## Work to complete
Go through the listing below and write out exactly the lines from the one that mentions "Books / Psalms" through the one that mentions "这则通知是1月11日,由广西", minus the pictures.

## Extracted records
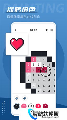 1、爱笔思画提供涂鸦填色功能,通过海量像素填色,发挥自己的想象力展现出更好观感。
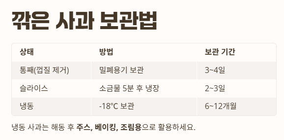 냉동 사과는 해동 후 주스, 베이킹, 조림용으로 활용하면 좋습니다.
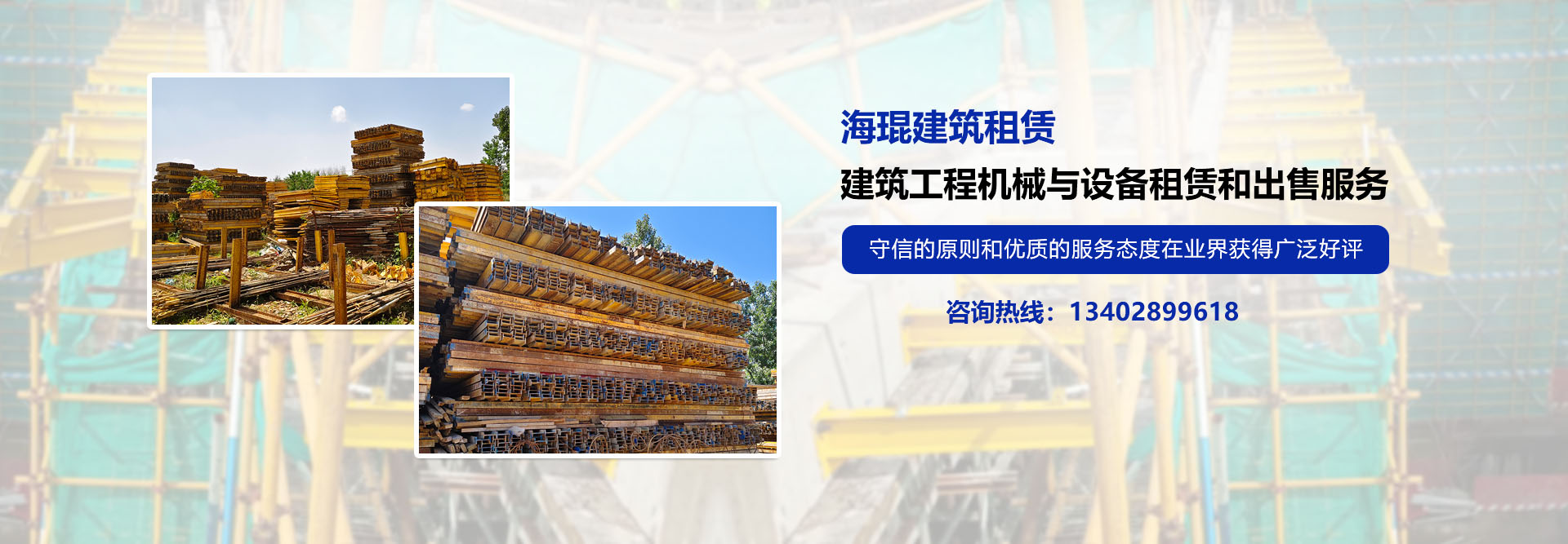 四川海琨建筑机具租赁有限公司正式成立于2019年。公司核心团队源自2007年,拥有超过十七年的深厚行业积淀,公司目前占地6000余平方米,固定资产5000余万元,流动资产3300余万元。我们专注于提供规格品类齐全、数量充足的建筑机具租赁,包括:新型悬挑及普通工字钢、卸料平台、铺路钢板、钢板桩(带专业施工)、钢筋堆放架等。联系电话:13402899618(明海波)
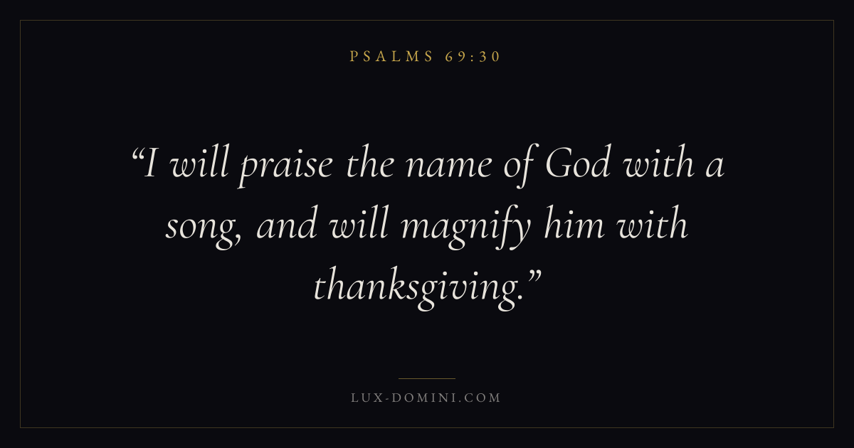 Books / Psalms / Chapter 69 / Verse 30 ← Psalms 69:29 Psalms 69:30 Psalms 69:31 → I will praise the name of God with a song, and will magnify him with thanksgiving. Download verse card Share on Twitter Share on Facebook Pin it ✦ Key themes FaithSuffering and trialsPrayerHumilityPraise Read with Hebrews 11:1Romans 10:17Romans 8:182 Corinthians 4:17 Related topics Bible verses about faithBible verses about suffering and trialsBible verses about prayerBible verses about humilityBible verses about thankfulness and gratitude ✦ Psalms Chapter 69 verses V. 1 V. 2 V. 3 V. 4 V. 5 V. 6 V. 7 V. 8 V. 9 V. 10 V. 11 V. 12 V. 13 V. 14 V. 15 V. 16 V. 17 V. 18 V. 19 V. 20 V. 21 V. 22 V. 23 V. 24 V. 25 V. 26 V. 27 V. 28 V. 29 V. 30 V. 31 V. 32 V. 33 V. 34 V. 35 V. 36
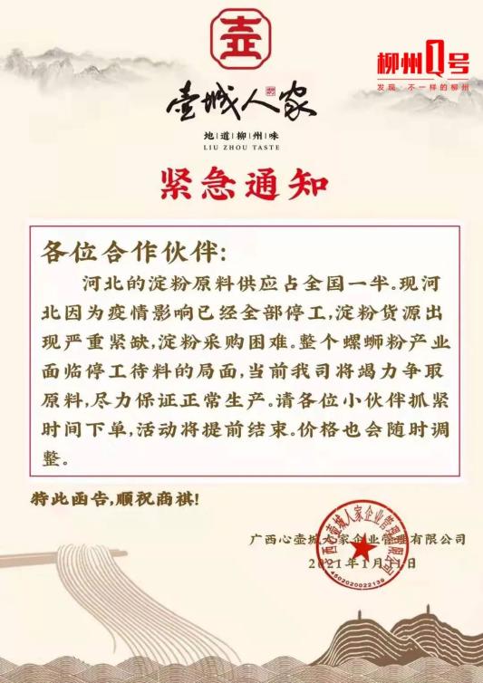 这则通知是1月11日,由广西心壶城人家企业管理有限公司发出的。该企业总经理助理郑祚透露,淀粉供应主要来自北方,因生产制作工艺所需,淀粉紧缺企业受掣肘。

* * *

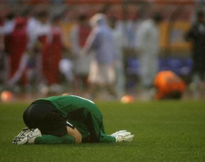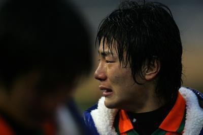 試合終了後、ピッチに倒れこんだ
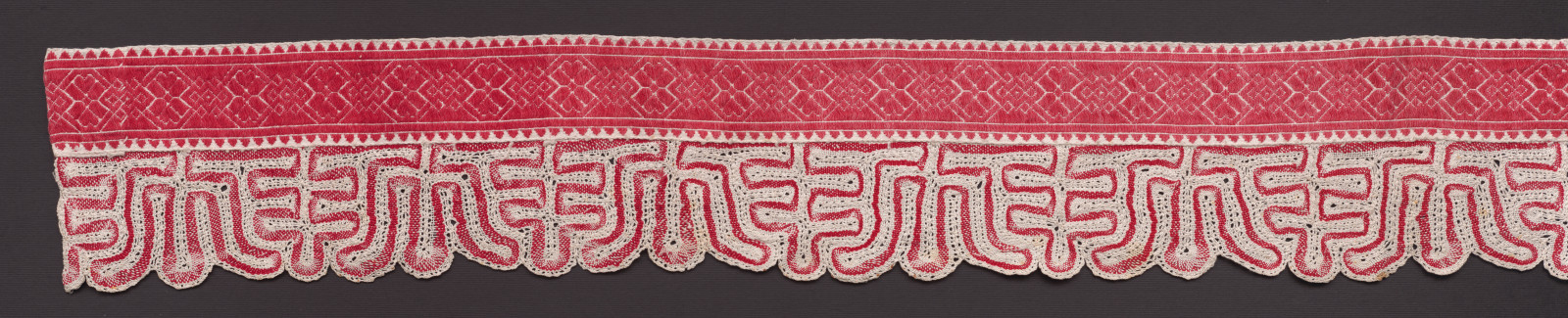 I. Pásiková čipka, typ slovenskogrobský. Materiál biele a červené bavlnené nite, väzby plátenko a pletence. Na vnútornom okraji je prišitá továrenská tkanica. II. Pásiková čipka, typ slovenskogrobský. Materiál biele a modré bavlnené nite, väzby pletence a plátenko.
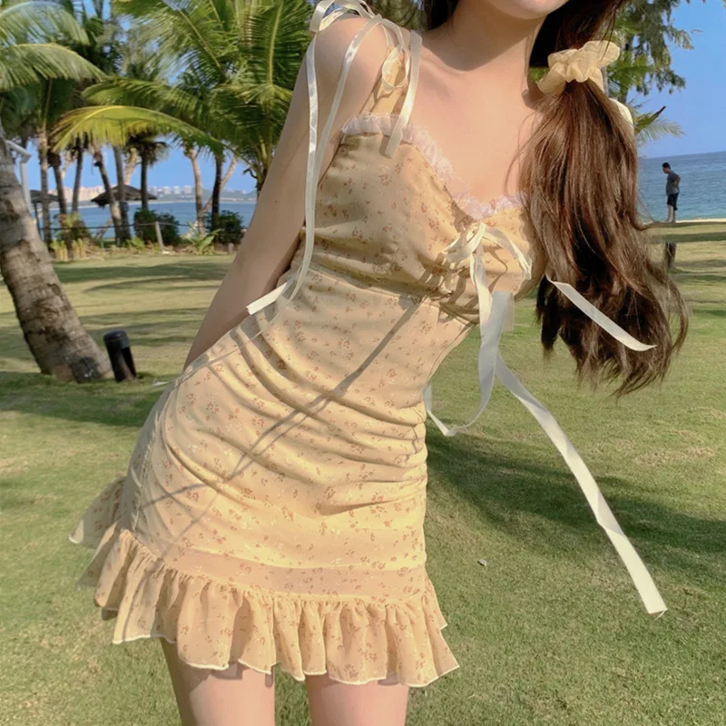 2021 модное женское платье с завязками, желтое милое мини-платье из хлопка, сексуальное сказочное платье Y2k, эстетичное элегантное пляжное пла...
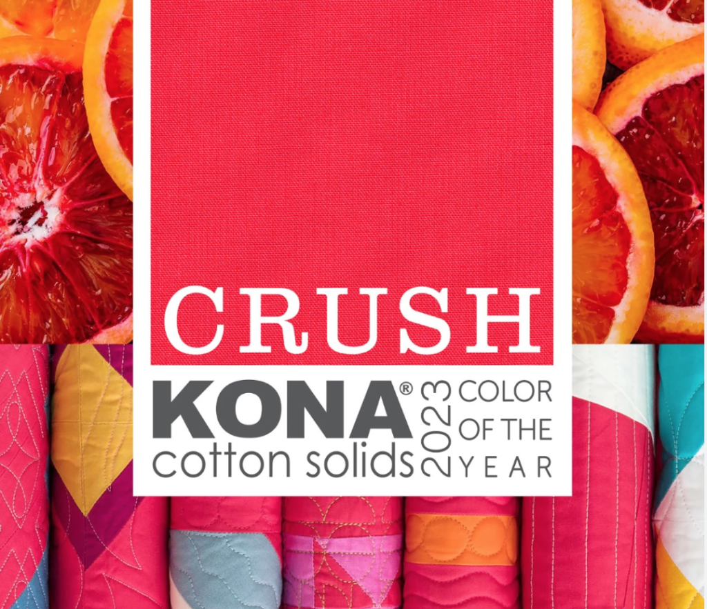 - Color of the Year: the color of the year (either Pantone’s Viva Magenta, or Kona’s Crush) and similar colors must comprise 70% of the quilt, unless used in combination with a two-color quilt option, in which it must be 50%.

* * *

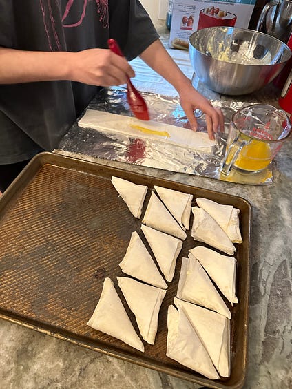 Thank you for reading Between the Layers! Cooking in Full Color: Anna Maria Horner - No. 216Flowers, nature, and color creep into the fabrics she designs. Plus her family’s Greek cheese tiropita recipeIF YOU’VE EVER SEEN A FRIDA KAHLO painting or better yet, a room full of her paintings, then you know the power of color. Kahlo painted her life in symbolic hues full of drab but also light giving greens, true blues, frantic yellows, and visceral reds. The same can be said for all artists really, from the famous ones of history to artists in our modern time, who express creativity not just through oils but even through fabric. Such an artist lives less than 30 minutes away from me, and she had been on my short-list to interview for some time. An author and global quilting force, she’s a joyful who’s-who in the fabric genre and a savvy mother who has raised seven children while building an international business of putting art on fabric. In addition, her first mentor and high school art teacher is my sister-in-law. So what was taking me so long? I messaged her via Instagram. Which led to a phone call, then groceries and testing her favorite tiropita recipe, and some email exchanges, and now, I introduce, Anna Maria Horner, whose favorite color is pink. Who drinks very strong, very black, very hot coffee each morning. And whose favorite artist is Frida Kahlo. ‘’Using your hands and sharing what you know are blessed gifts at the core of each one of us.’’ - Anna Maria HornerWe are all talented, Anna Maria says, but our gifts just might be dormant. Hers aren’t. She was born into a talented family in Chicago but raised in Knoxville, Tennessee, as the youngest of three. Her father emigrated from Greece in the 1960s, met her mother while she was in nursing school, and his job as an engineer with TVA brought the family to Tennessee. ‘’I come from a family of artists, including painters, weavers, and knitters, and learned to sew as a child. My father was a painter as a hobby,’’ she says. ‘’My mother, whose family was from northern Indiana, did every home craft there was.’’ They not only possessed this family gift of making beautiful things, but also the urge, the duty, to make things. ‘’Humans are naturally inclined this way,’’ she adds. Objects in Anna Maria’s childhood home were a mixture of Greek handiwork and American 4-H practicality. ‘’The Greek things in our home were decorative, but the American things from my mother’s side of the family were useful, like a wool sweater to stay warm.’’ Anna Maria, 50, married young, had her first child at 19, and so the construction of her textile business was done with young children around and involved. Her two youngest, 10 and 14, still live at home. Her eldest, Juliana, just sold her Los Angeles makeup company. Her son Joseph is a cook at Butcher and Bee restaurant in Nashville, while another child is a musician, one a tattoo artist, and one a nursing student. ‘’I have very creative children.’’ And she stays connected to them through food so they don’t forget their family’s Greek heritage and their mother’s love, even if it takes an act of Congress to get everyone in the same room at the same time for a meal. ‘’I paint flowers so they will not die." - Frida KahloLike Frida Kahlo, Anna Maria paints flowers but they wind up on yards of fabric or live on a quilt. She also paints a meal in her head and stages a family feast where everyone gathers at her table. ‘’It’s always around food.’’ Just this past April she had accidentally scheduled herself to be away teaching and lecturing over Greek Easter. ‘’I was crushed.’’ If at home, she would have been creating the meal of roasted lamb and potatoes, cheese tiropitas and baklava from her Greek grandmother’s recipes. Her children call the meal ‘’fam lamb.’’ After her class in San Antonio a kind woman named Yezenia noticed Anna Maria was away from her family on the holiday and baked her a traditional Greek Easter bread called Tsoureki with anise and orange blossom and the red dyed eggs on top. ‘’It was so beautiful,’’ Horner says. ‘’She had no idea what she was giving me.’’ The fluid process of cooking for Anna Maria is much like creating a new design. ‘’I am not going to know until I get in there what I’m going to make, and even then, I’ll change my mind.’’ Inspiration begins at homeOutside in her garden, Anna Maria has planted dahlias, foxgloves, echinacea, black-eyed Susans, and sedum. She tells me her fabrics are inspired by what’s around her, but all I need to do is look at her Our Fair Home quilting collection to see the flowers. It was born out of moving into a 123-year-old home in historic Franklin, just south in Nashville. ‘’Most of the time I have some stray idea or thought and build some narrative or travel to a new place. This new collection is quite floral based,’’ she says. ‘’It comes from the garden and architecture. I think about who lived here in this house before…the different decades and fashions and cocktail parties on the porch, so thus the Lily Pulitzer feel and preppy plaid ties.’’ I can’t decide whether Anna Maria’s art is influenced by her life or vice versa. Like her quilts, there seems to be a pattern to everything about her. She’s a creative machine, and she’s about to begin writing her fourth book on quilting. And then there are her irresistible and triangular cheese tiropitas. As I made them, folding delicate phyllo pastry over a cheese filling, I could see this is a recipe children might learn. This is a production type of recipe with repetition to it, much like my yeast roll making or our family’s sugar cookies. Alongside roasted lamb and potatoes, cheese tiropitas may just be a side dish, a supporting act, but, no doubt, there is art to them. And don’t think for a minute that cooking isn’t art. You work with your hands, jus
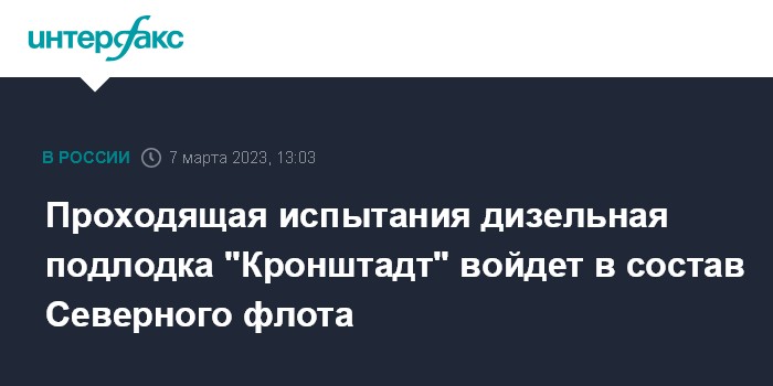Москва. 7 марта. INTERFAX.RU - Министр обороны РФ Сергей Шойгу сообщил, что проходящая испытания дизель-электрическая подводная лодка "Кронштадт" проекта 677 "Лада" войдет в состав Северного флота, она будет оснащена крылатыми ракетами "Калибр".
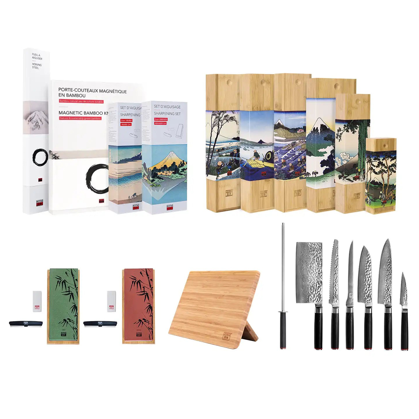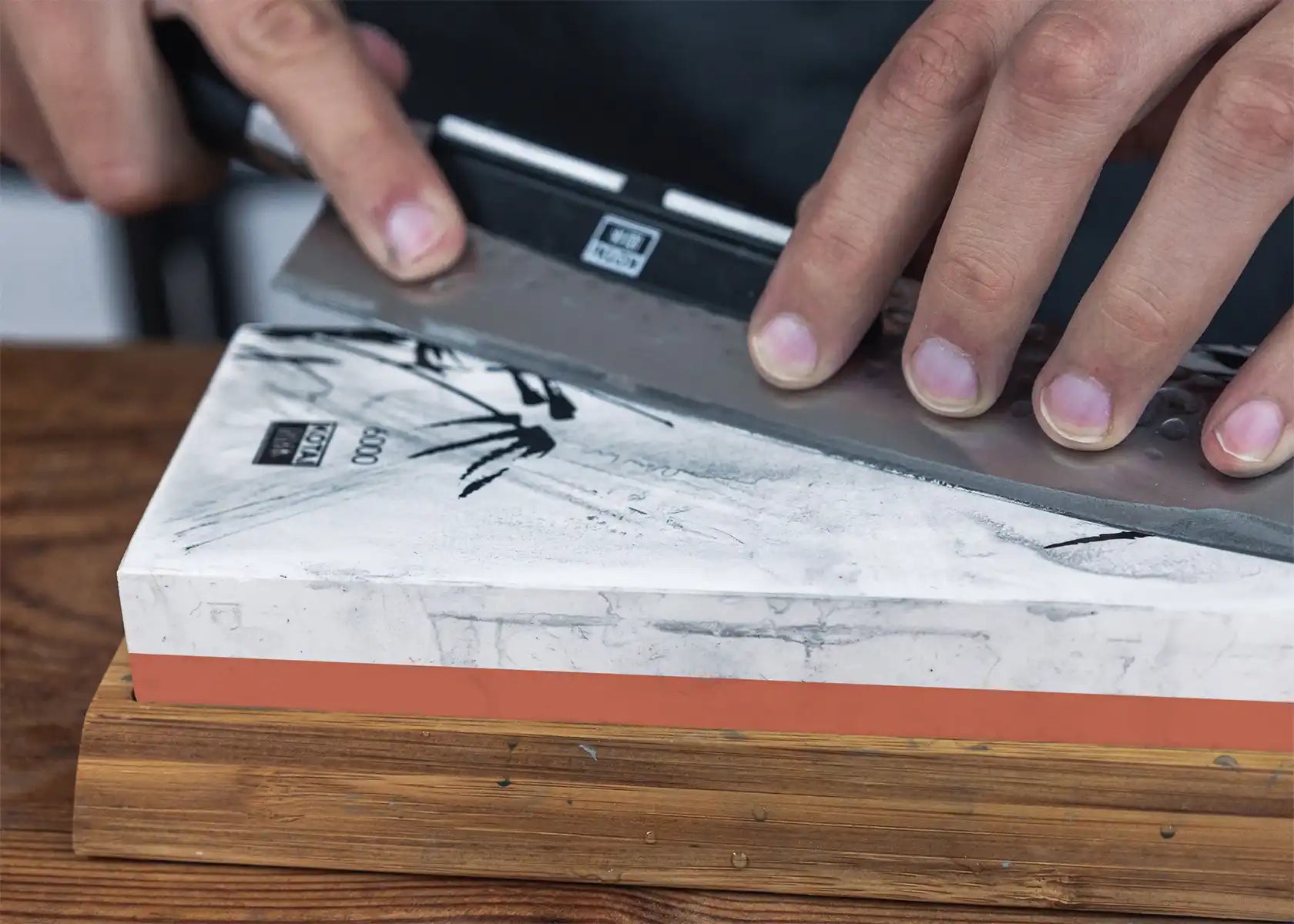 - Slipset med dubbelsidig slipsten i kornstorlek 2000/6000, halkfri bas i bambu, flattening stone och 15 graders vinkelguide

## Problem solution
 Books / Psalms / Chapter 69 / Verse 30 ← Psalms 69:29 Psalms 69:30 Psalms 69:31 → I will praise the name of God with a song, and will magnify him with thanksgiving. Download verse card Share on Twitter Share on Facebook Pin it ✦ Key themes FaithSuffering and trialsPrayerHumilityPraise Read with Hebrews 11:1Romans 10:17Romans 8:182 Corinthians 4:17 Related topics Bible verses about faithBible verses about suffering and trialsBible verses about prayerBible verses about humilityBible verses about thankfulness and gratitude ✦ Psalms Chapter 69 verses V. 1 V. 2 V. 3 V. 4 V. 5 V. 6 V. 7 V. 8 V. 9 V. 10 V. 11 V. 12 V. 13 V. 14 V. 15 V. 16 V. 17 V. 18 V. 19 V. 20 V. 21 V. 22 V. 23 V. 24 V. 25 V. 26 V. 27 V. 28 V. 29 V. 30 V. 31 V. 32 V. 33 V. 34 V. 35 V. 36
 这则通知是1月11日,由广西心壶城人家企业管理有限公司发出的。该企业总经理助理郑祚透露,淀粉供应主要来自北方,因生产制作工艺所需,淀粉紧缺企业受掣肘。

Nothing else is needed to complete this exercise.